I have recently started working with pytorch and I noticed that I was not getting repeatable/deterministic results when evaluating a pre-trained model on new inputs.
I have boiled the problem down to this minimum example which shows that repeatedly applying the same simple convolution model does not yield identical results:
import numpy as np
import matplotlib.pyplot as plt
import torch
device = torch.device('cpu')
# function to get all the params from a pytorch model
def getParams(model):
a = list(model.parameters())
b = [a[i].detach().cpu().numpy() for i in range(len(a))]
c = [b[i].flatten() for i in range(len(b))]
d = np.hstack(c)
return d
# set up a simple model (9 params)
testModule = torch.nn.Conv2d(1, 1, kernel_size = (3, 3), bias = False, stride = 1, padding = 1).double()
torch.nn.init.normal_(testModule.weight, mean=0, std=1)
testModule = testModule.eval()
# set up a dummy input
patch = torch.from_numpy(np.random.randn(1,1,80,80).astype('double')).to(device)
# apply the model 100 times
testVals = []
testParams = []
testModuleOut = []
for ii in range(100):
testParams.append(getParams(testModule))
testModuleOut.append(testModule(patch).cpu().detach()[0,:,:,:].numpy())
testParams = np.stack(testParams)
testModuleOut = np.stack(testModuleOut)
# view the variation of the model parameters and the output values
plt.figure()
plt.plot(np.std(testParams,axis=0))
plt.xlabel('Parameter index')
plt.ylabel('Standard deviation over runs')
plt.figure()
plt.plot(np.std(testModuleOut,axis=0).ravel())
plt.xlabel('Output index')
plt.ylabel('Standard deviation over runs')
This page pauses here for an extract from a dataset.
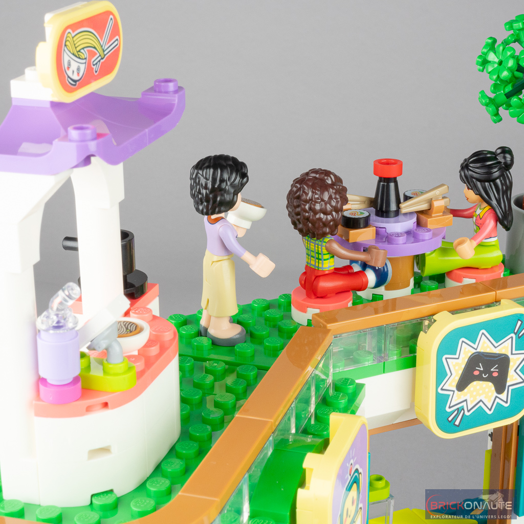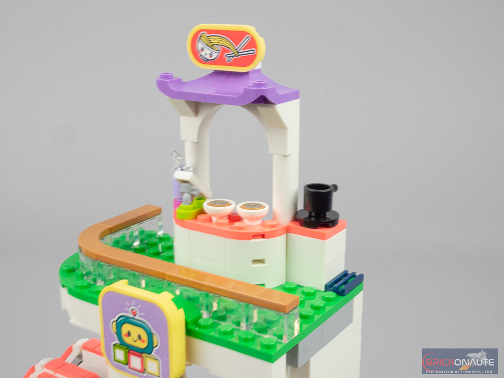On décore celui-ci avec un peu de végétation, puis on ajoute la rambarde au 1er étage et l’enseigne du magasin en-dessous. On construit le sol du 2ème niveau, et on y installe un stand de nouilles avec des bols et quelques accessoires. On termine avec la rambarde et l’enseigne au dernier niveau, avant de rassembler les 3 éléments principaux de la construction.

If re-running the network were repeatable, I would expect the standard deviation graphs to show flat lines at SD = 0. But I do not get this, instead I get some random looking graph lines, that change with every run of the script (sometimes the module parameters have SD = 0, but the network output never seems to).
What is the problem with my code? The SDs seem to be around machine precision but why would repeatedly pulling params from the module cause them to change in this way? Would we not just be pulling the exact same value from memory?